### What to work on
Given the records underneath, please repeat exactly the lines from the line with "图 4 黄花棘豆与A. oxytropis共生/非共生状态下基因表达水平与代谢途径的变化" through the line with "The silicone air", passing over any picture.

### Available data
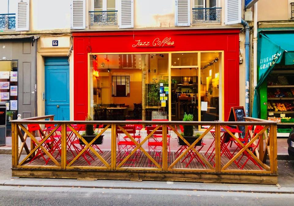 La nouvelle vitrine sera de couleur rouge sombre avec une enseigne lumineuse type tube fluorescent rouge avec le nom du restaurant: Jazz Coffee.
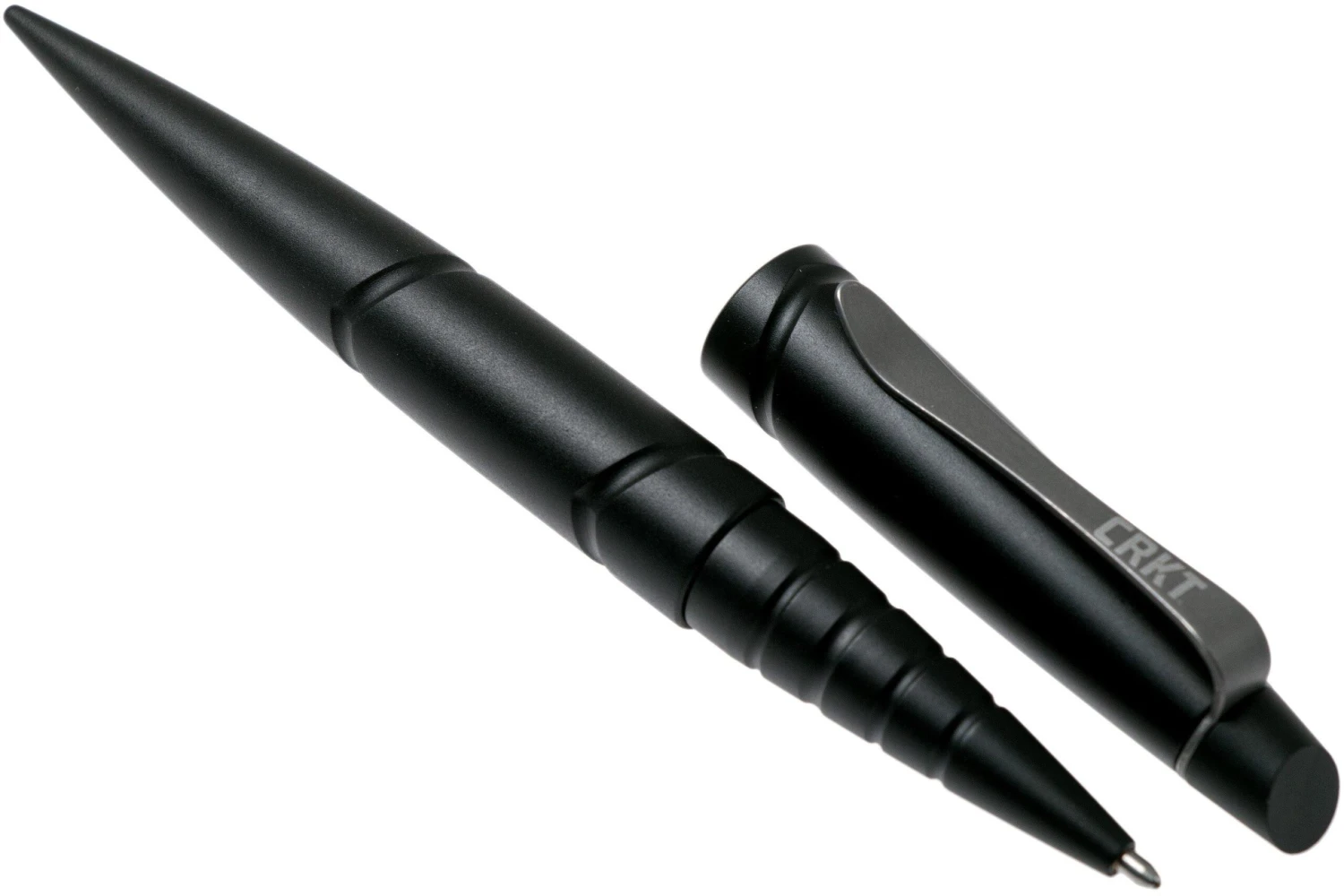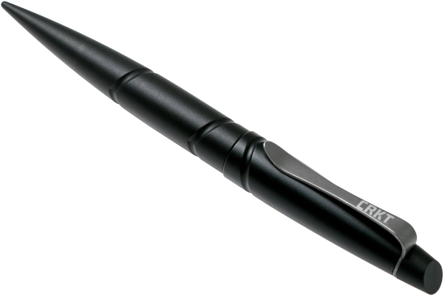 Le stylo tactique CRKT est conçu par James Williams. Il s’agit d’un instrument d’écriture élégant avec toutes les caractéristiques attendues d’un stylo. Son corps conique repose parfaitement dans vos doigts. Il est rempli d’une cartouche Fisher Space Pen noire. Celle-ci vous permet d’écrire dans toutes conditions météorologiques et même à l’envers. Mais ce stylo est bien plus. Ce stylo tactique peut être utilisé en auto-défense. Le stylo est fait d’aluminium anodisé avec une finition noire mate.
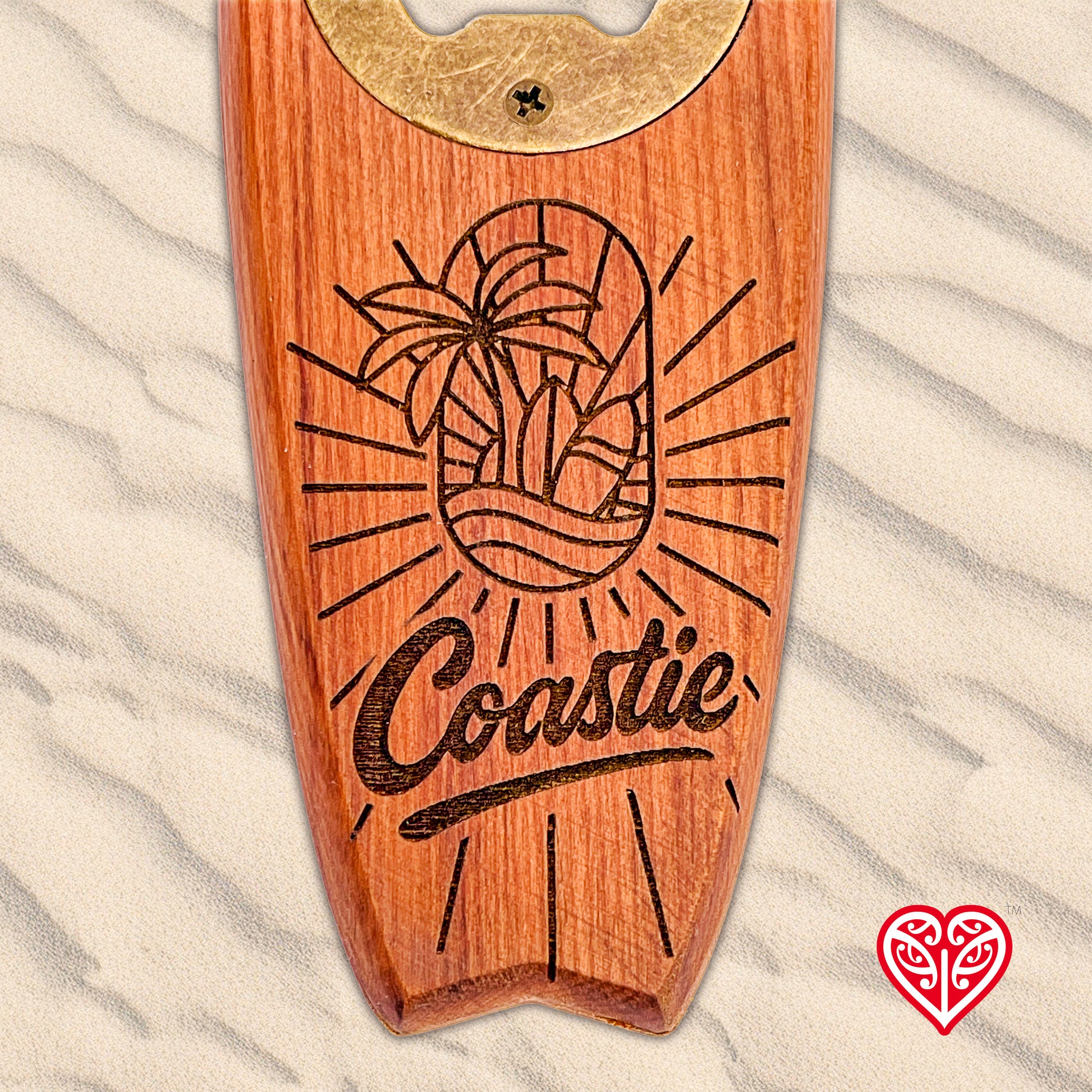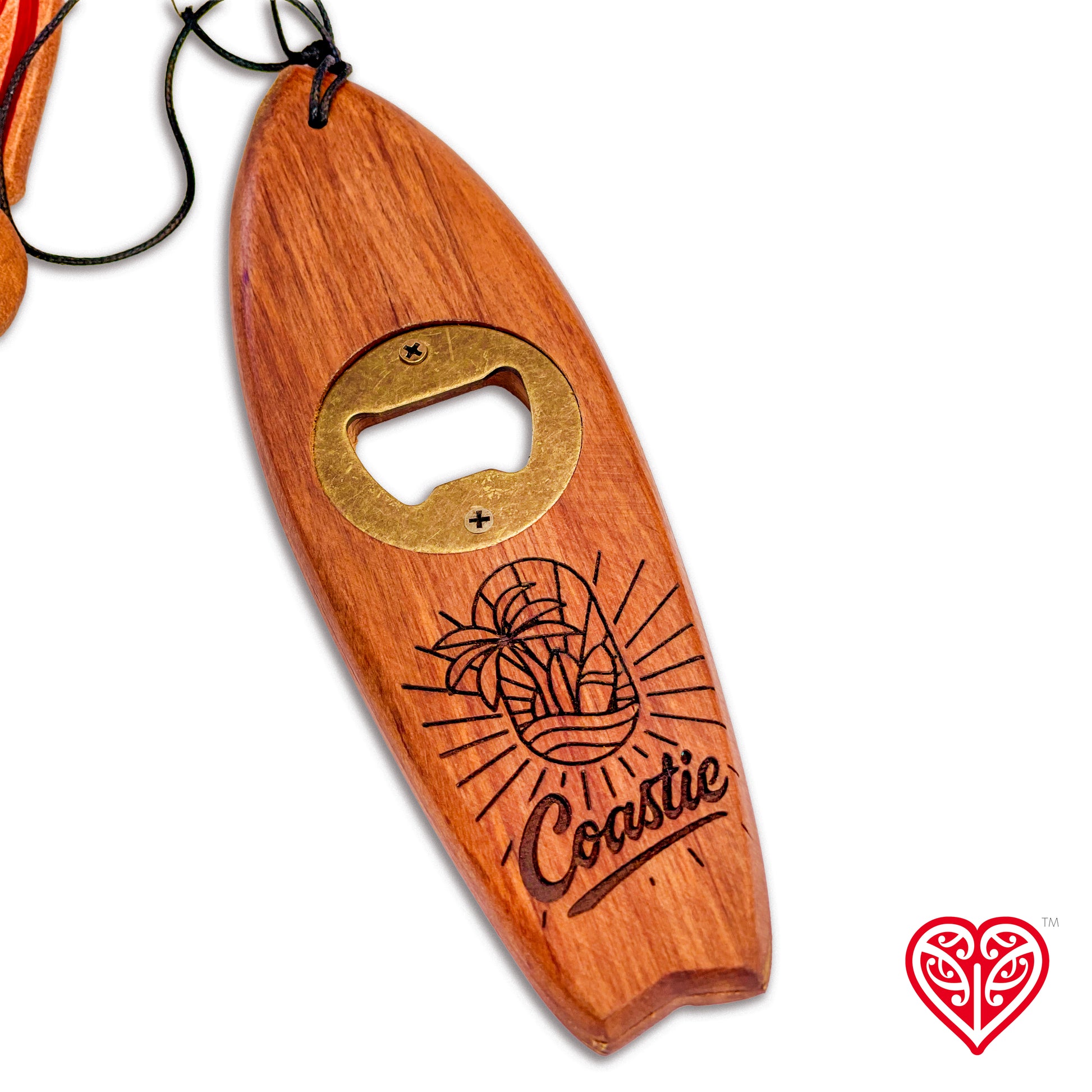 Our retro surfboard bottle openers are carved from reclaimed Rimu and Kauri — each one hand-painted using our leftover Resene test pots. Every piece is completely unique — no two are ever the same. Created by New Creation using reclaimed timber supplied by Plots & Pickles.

* * *

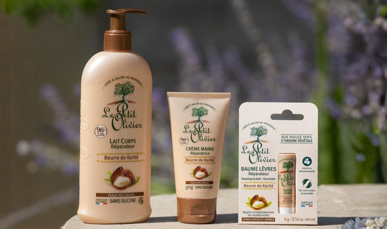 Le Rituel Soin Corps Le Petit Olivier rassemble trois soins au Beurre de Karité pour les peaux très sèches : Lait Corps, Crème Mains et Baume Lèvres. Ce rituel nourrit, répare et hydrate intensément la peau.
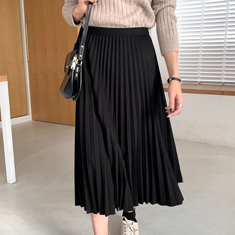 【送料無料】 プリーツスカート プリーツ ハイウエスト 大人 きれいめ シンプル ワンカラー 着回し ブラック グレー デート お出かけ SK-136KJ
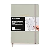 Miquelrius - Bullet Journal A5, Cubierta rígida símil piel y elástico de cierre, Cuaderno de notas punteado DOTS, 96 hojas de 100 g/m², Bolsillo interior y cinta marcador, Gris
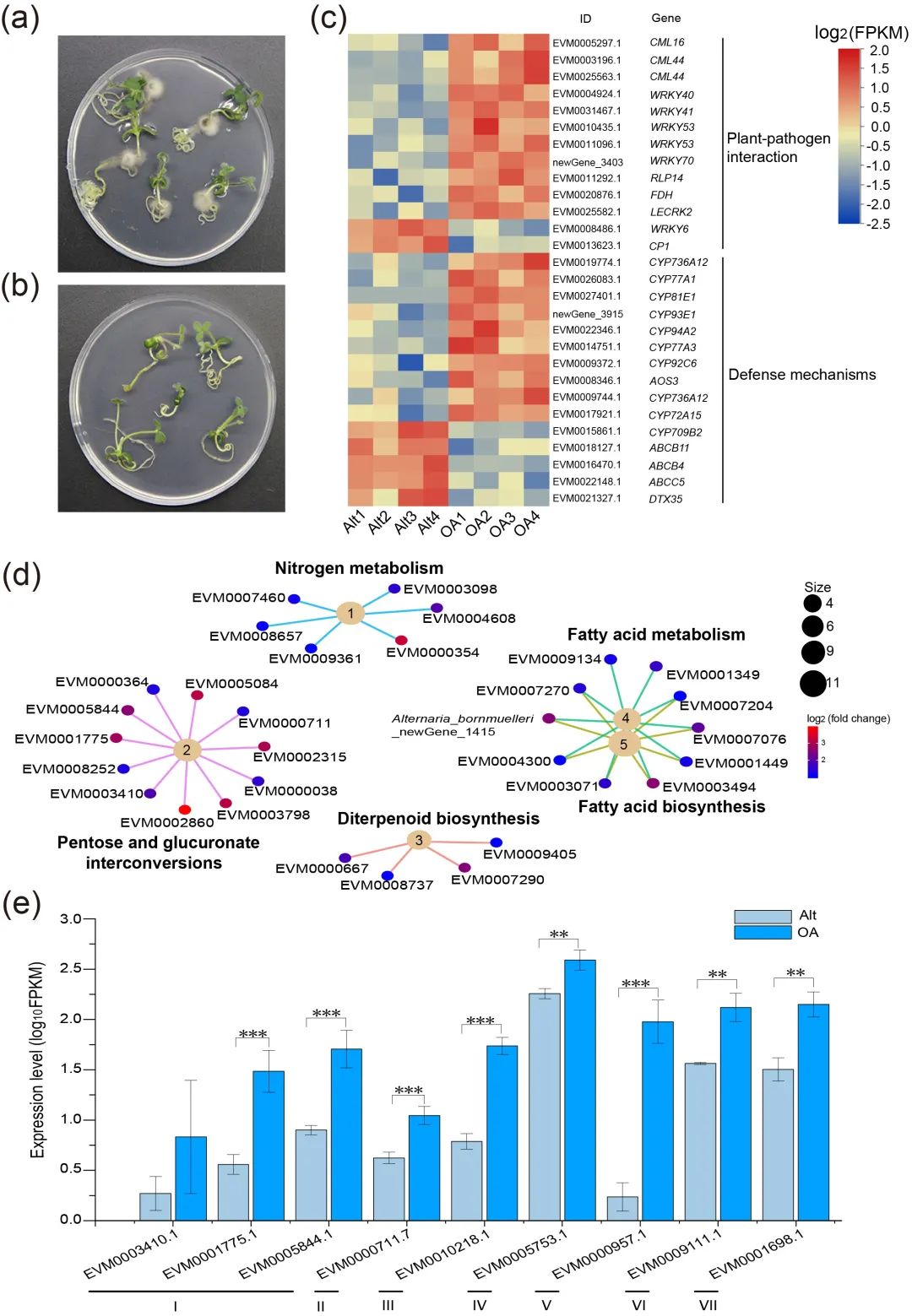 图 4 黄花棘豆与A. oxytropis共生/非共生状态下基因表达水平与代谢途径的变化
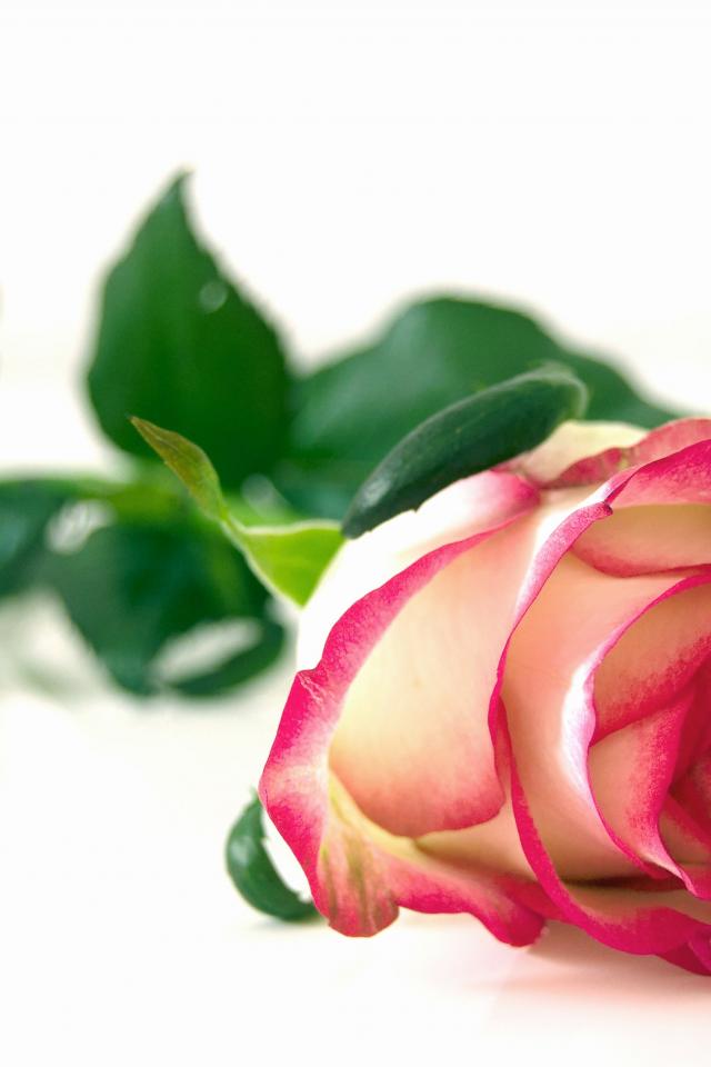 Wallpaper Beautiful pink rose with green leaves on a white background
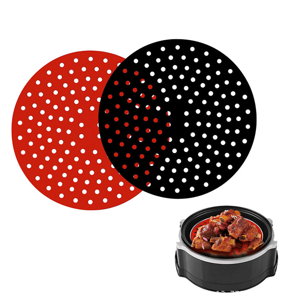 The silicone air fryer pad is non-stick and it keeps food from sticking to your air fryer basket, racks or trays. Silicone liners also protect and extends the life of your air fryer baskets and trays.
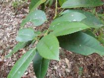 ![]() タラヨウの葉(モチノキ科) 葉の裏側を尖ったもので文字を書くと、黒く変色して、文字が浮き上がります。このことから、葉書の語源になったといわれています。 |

### The completed task
 图 4 黄花棘豆与A. oxytropis共生/非共生状态下基因表达水平与代谢途径的变化
 Wallpaper Beautiful pink rose with green leaves on a white background
 The silicone air fryer pad is non-stick and it keeps food from sticking to your air fryer basket, racks or trays. Silicone liners also protect and extends the life of your air fryer baskets and trays.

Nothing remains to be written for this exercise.